= Name of Greece =

Overview of names for the European country

The name of Greece differs in Greek compared with the names used for the country in other languages and cultures, just like the names of the Greeks. The ancient and modern name of the country is Hellas or Hellada
(Ελλάς, Ελλάδα; in polytonic: Ἑλλάς, Ἑλλάδα), and its official name is the Hellenic Republic, Helliniki Dimokratia (Ελληνική Δημοκρατία /el/). In English, however, the country is usually called Greece, which comes from the Latin Graecia (as used by the Romans).

== Hellenes ==

The civilization and its associated territory and people, which is referred to in English as "Greece", have never referred to themselves in that term.

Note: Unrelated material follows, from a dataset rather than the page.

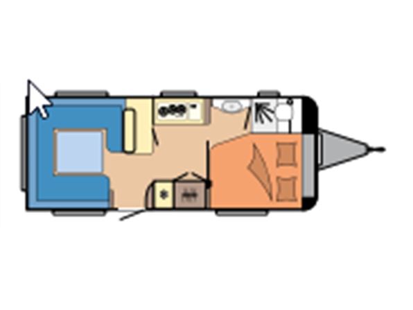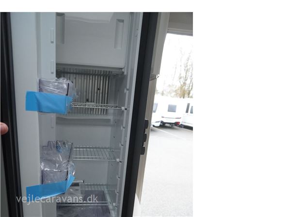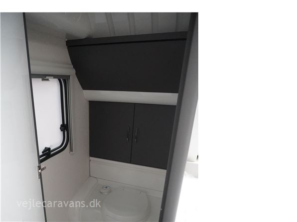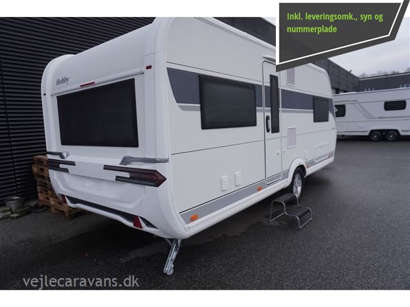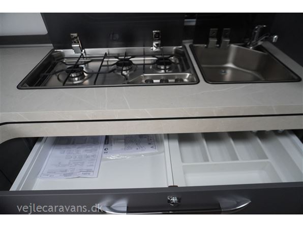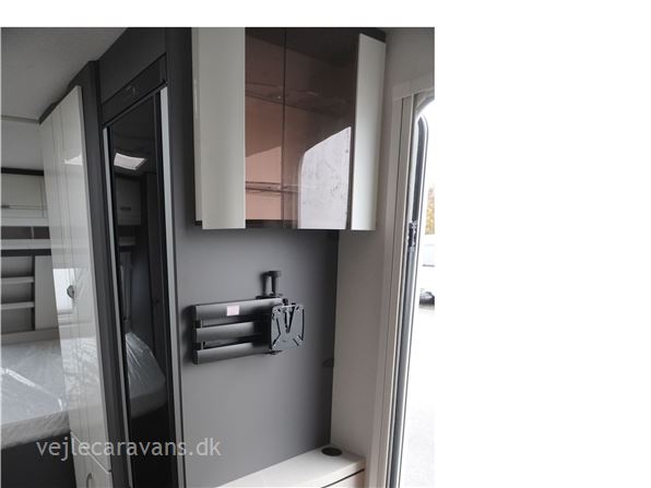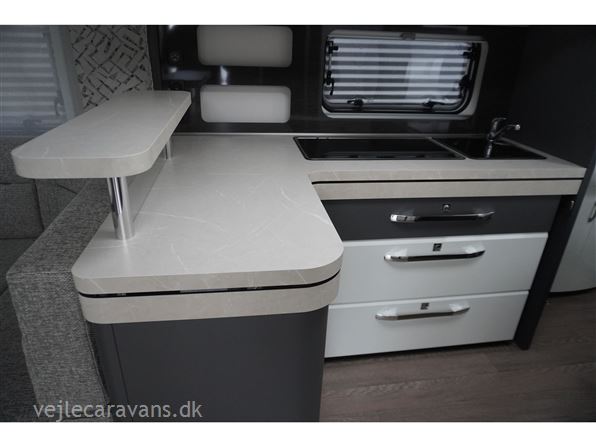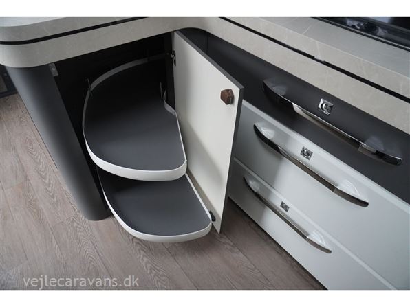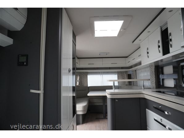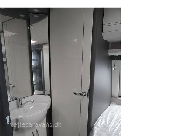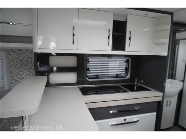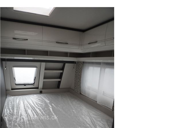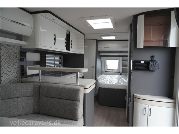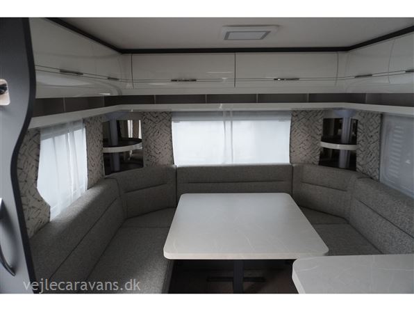 En populær indretning med fransk seng i forenden af vognen. Stor rundsiddegruppe i bagenden af vognen. Kæmpe vinkel køkken med brede skuffer, 3 gasblus, hjørneskab med udtrækshylder, samt et 140 ltr. køleskab. Toilet i venstre side foran. Vognen er bestilt med følgenden ekstra udstyr: 2000 kg. aksel, Alufælge, gulvtemperering, Truma combi 6 E varme, TV holder. Prisen er inkl. leveringsomkostninger og nr. plade.

They have rather called themselves 'Hellenes', adopting the traditional appellation of the Hellas region. This name has its origins in the mythological figure of Hellen, the son of Deucalion and Pyrrha, in an origin myth which has parallels to parts of the Book of Genesis. Hellen's father survived a great flood which Zeus caused to happen in order to wipe out humanity. Hellen himself became the founding father to all Greek tribes, begetting one from each of his sons: Aeolus the Aeolians, Dorus the Dorians, and Xuthus the Achaeans and Ionians through his son Ion.

== Ionians ==
Of those, the Ionians largely lived in Anatolia, aka Asia Minor, ergo the most in contact with the Asian world, so their ethnonym became commonly used for all of the Hellenes, to civilizations to east of Greece.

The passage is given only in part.